Local and national coverage of the L.A. riots and events leading to them were recognized yesterday by the Peabody Awards, which also noted achievements by network series “Seinfeld,””Roseanne” and “Northern Exposure.”

The prestigious awards, for outstanding broadcast and cable programming in 1992, were announced by the University of Georgia’s Henry W. Grady College of Journalism & Mass Communications, which administers them.

NBC and Castle Rock Entertainment were recognized for “Seinfeld,””a program which proves that a show ostensibly about nothing can indeed be about something.”

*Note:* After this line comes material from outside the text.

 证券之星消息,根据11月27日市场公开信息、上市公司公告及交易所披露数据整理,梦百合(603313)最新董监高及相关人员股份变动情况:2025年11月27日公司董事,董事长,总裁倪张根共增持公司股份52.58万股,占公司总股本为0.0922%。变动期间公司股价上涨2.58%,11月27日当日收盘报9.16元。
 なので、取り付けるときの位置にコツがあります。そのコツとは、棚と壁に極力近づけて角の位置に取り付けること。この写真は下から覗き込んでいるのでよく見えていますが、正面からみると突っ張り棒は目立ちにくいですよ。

ABC and the Carsey-Werner Co. were singled out for “Roseanne,””simultaneously a situation comedy and a deft illustration of the status of the contemporary American family.”

CBS and Finnegan-Pinchuk Co., in association with Brand-Falsey Prods., were noted for “Northern Exposure: Cicely,””an episode of this previously recognized series which raises the program to an even higher standard.”

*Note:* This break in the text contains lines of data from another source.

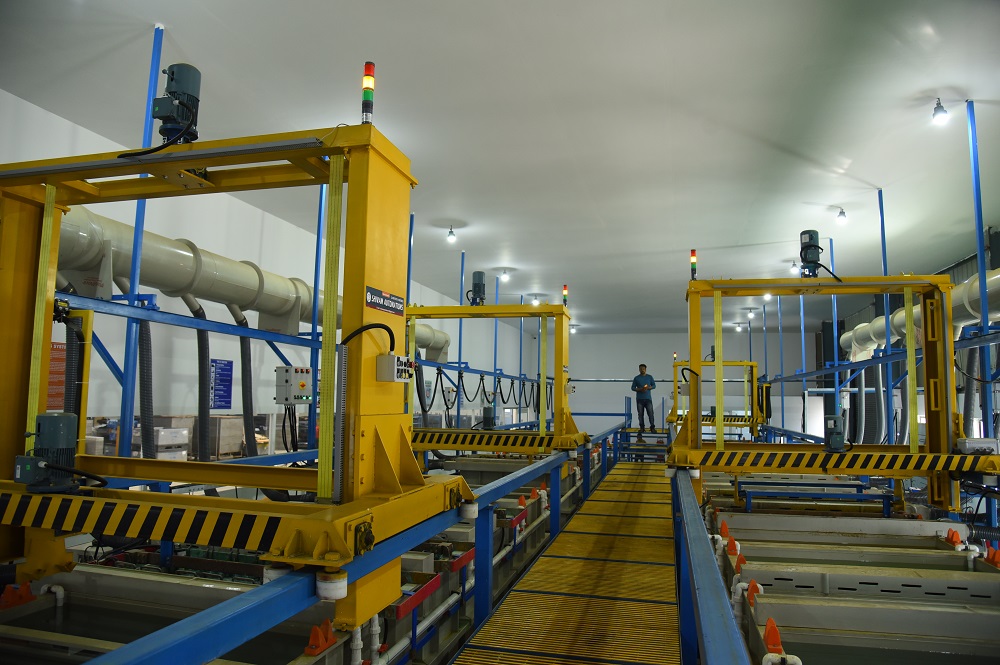 Electroplating is a surface finishing process based on the concept of electrolysis. This process involves depositing a thin layer of metal on the surface of the workpiece. Here, the Anode, which is the metal to be deposited, and Cathode, which is the work piece, are both placed in a solution called the electrolyte and a DC current is passed through it. An Electroplating Plant essentially consist of a series of process tanks based on the process envisaged with a transfer system which enables the component to be electroplated by immersion in each tank for appropriate time and in the sequence necessary to produce the required finish. (Pre-treatment, Plating, Post- Treatment). Assisted by an experienced team of highly trained professionals providing Sound Engineering, Quality Workmanship and Dedication to Customer Satisfaction has led to SHIVAM AUTOMATIONS formidable reputation.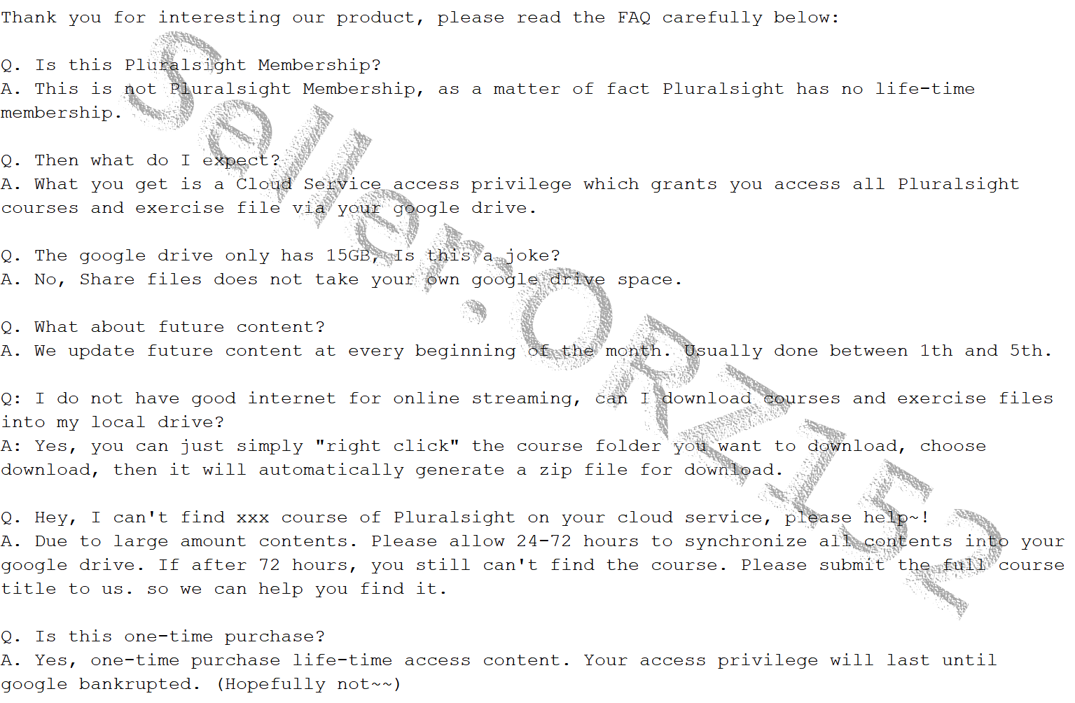 Important! Due to excessive demand and low capacity of sharing invitation s , we have changed the pluralsight price We currently only have less than 40 life-time access invitations left for pluralsight. Sitepoint & Pluralsight Training Package Please read the item description below before you buy: 1. This is not Sitepoint Membership. But full courses of sitepoint contents access privilege that includes Premium video tutorial and Premium Library Book. 2. What you get is a Cloud Service Access Privilege that can access all courses of Sitepoint for life-time. 3. We do update monthly for future contents. 4. You need a gmail account (free signup) in order to access the Cloud Service.(We will send you invitation via gmail) 5. Its one-time purchase, you will never need to renew at all. 6. You can download all the contents (Videos, toolkits or exercise files) if its necessary. 7. We also offer PIuraIsight full site course life-time Access.(Please check the "Training Package" Drop down menu). The method is the same above. If you are interested PIuraIsight full site course life-time Access, please click and read F.A.Q below PluraIsight Full Site Course Life Time F.A.Q MS Office 2019 Professional Plus F. A.Q F. A. Q Q: Minimum System Requirement? A: Microsoft account Internet access Windows 10 1.6 GHz, 2-core processor 4 GB, 2 GB (32bit) RAM 4 GB available disk space 1280× 768 screen resolution Q: How fast you can deliver the item? A: For Retail package we will send on next day, buyer should receive it within 2-5 days depends on buyer's location. Q: Why Medialess Delivery is cheaper? Any difference compare to Retail Package? A: Physical Package always cost more than Digital product. Only difference is the Retail Package will come with COA, but Medialess Delivery does not. Both products bind with Microsoft Account which mean a permanent activation as long as you keep your MS account secure. Q: My internet is slow, I am not able to complete installation online, please help~! A: No worries, we will send you a backup DVD by request. The backup DVD will contain full version of office. However you still need product key for activation purpose. Q: Windows 10 only? A: Yes, according to Microsoft, this product only compatible with Windows 10 32bits or 64bits. If you run any Windows OS other than Windows 10, please upgrade your windows to Windows 10 Q: Return Policy? A: You can not return the item if you activate the product for obvious reason. We have special software that can check if you have used the key or not. We do not accept the return if you have activate the product. We video recorded every step of shipping handing, also fully tested and video the product code authenticity. If you have used the product code to activate the software then return the item for refund, we will send our video record and proof of usage of the product code to ebay anti scam department. Once they have confirmed you have used the product code and return the item for refund, they will ban you indefinitely.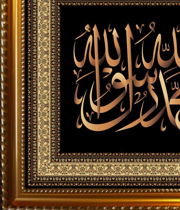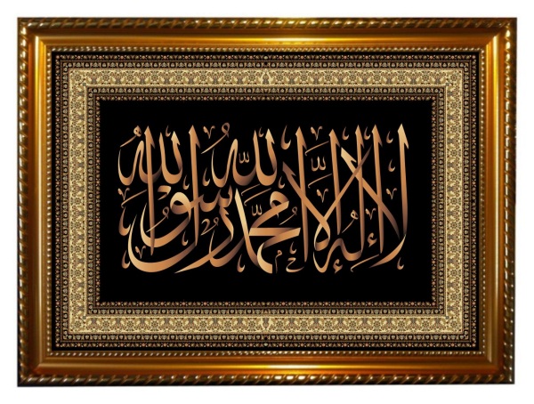 Tableau avec fond noir contenant la calligraphie de La chahada (ٱلشَّهَادَة), « témoignage » ou encore « attestation» de foi). C'est la profession de foi essentielle de l'islam, dont elle constitue le premier des cinq piliers qui définissent les bases de la croyance musulmane : لا اله الا الله محمد رسول الله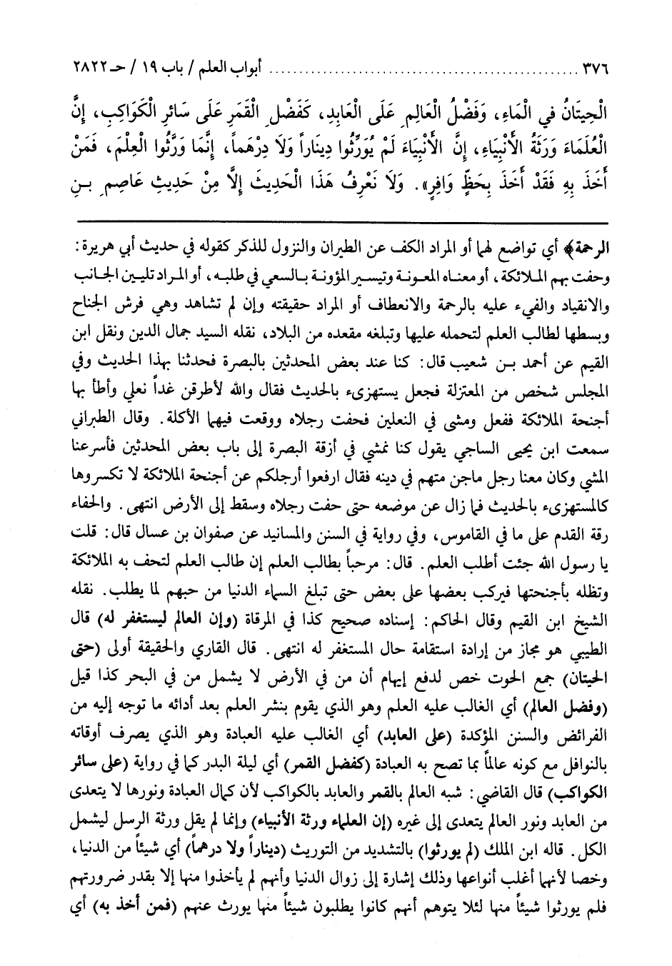قال القارىء وَالْحَقِيقَةُ أَوْلَى (حَتَّى الْحِيتَانُ) جَمْعُ الْحُوتِ خُصَّ لِدَفْعِ إِيهَامِ أَنَّ مَنْ فِي الْأَرْضِ لَا يَشْمَلُ مَنْ فِي الْبَحْرِ كَذَا قِيلَ (وَفَضْلُ الْعَالِمِ) أَيِ الْغَالِبُ عَلَيْهِ الْعِلْمُ وَهُوَ الَّذِي يَقُومُ بِنَشْرِ الْعِلْمِ بَعْدَ أَدَائِهِ مَا تَوَجَّهَ إِلَيْهِ مِنَ الْفَرَائِضِ وَالسُّنَنِ الْمُؤَكَّدَةِ (عَلَى الْعَابِدِ) أَيِ الْغَالِبِ عَلَيْهِ الْعِبَادَةُ وَهُوَ الَّذِي يَصْرِفُ أَوْقَاتَهُ بِالنَّوَافِلِ مَعَ كَوْنِهِ عَالِمًا بِمَا تَصِحُّ بِهِ الْعِبَادَةُ (كَفَضْلِ الْقَمَرِ) أَيْ لَيْلَةَ الْبَدْرِ كَمَا فِي رِوَايَةٍ (عَلَى سَائِرِ الْكَوَاكِبِ) قَالَ الْقَاضِي شَبَّهَ الْعَالِمَ بِالْقَمَرِ وَالْعَابِدَ بِالْكَوَاكِبِ لِأَنَّ كَمَالَ الْعِبَادَةِ وَنُورَهَا لَا يَتَعَدَّى مِنَ الْعَابِدِ وَنُورُ الْعَالِمِ يَتَعَدَّى إِلَى غَيْرِهِ (إِنَّ الْعُلَمَاءَ وَرَثَةُ الْأَنْبِيَاءِ) وَإِنَّمَا لَمْ يَقُلْ وَرَثَةُ الرُّسُلِ ليشمل الكل

HBO and Springcreek Prods., in association with Breakheart Films, were cited for “Citizen Cohn,””perhaps the best film produced for any medium in 1992.”

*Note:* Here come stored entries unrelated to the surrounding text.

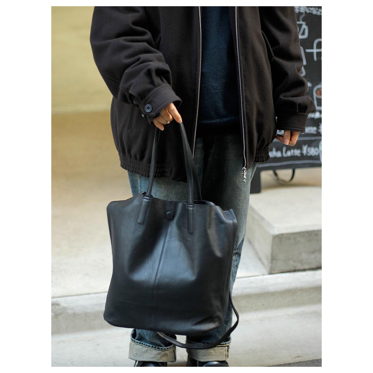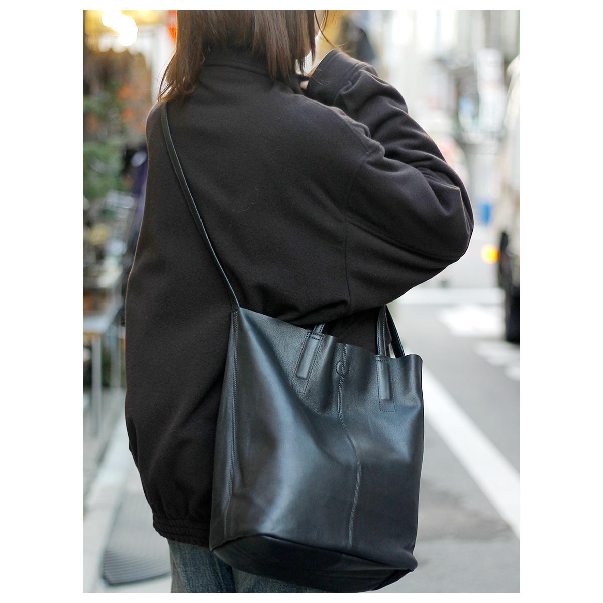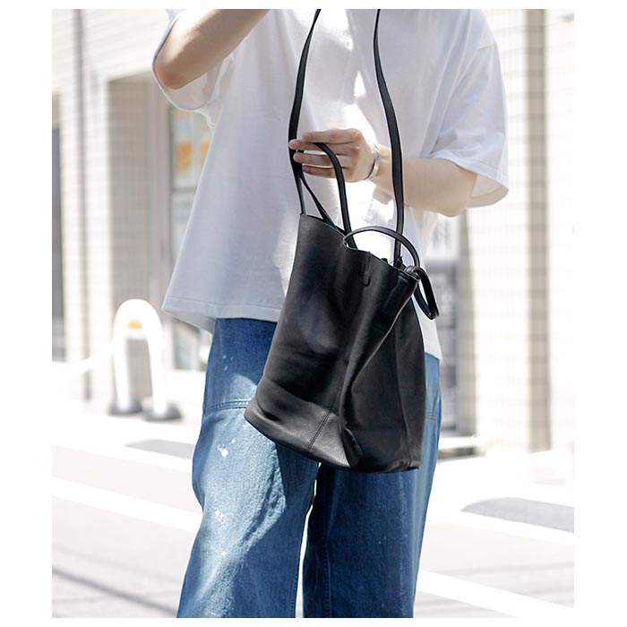 老若男女問わず使える非常にシンプルなデザイン。極力金具を使用せず(内側にあるDカンのみ)、開閉はマグネット式。様々なスタイルにハマる万能なレザーバッグです。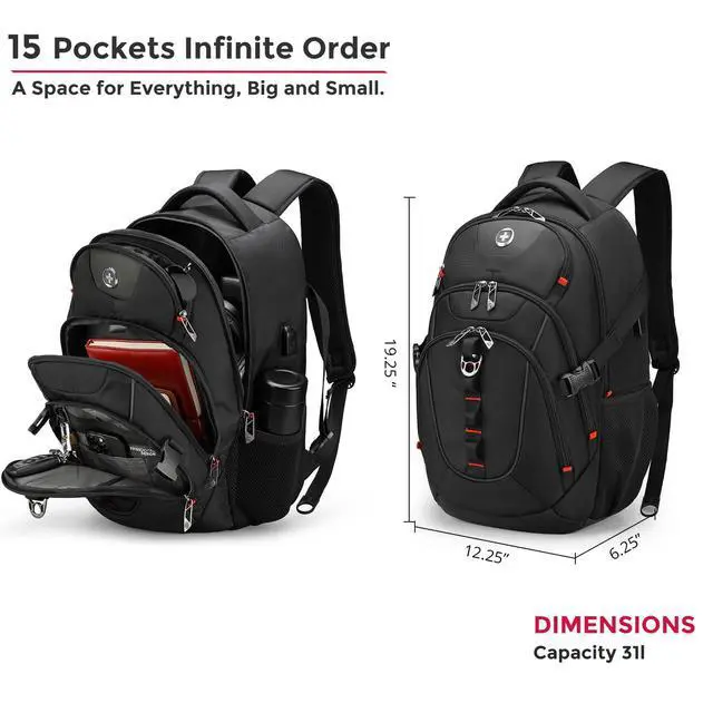 • Multiple Pockets: This computer backpack features a multi-layered storage system including 1 front and 2 side quick-access pockets for on-the-go items. This bookbag also comes with a luggage strap, letting you attach it to suitcases for one-handed pulling during travel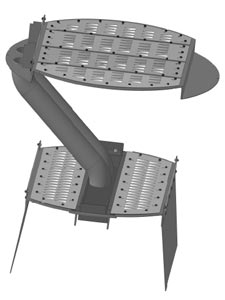 Узел перетока с 1- поточной тарелки на 2-х поточную

Election-related awards went to Propaganda Films and Fox Broadcasting Co. for “Rock the Vote” and MTV Music Television for “Choose or Lose.”

Awards went to KTTV, Los Angeles, for its coverage of the trial of the officers accused in the videotaped beating of Rodney King and to L.A.’s KJLH radio for coverage of the riots that followed their acquittal on state charges.

KTTV was praised for its gavel-to-gavel coverage of the first King trial, which “provided a direct line to the community of the deliberations and implications of the trial.”

KJLH was credited with “timely, exhaustive and important coverage of the Los Angeles riots.”

Also noted for riot coverage was ABC News’ “Nightline” for its “Moments of Crisis — Anatomy of a Riot,””a synthesis of the causes, actions and effects of the Los Angeles riots of 1992.”

WGBH-TV, Boston, won four Peabodys, two of them shared, for news programs and the geography quiz show “Where in the World Is Carmen Sandiego?”

ABC News’ “Nightline” and HBO each won two awards.

Personal awards go to journalist Daniel Schorr and PBS personality Fred Rogers, and institutional nods to BBC Radio and C-SPAN.

Awards, named for philanthropist George Foster Peabody, will be presented May 17 in New York.

Other winners follow.

NBC for “The More You Know.”

CNN, Atlanta, for “Larry King Live Election Coverage 1992.”

ABC News’ “Nightline” for “72 Hours to Victory.”

CBS and Granada Television, London, for “Age Seven in America.”

WTVJ-TV in Miami for its coverage of Hurricane Andrew.

NPR and correspondent Sylvia Poggioli for “Prisoners in Bosnia”; NPR and WBUR , Boston, for “Car Talk.”

KFFA radio in Helena, Ark., for “King Biscuit Time.”

American Folklife Radio Project and David Isay, independent producer, for a body of work.

WTVJ, Miami, for its coverage of Hurricane Andrew.

KIRO-TV in Seattle for “When the Salmon Runs Dry.”

WGBH, Boston, for “The American Experience: The Donner Party” and for “The Health Quarterly: The AIDS Report Series”; WGBH and BBC for “The Machine That Changed the World.”

HBO and Maysles Films Inc., New York, for “Abortion: Desperate Choices.”

KNME-TV and the Institute for American Indian Arts in Albuquerque, N.M., for “Surviving Columbus.”

Signifyin’ Works of Berkeley and PBS for “Color Adjustment.”

Canamedia Prods. Ltd. and TV Ontario, Toronto, for “Threads of Hope.”

HKO Media Inc. and WKBD-TV in Detroit for “Close to Home: The Tommy Boccomino Story.”

GPN-Nebraska ETV Network, Lincoln, Neb., for “Reading Rainbow: The Wall.”

WCVB-TV in Needham, Mass., for “The Incredible Voyage of Bill Pinkney.”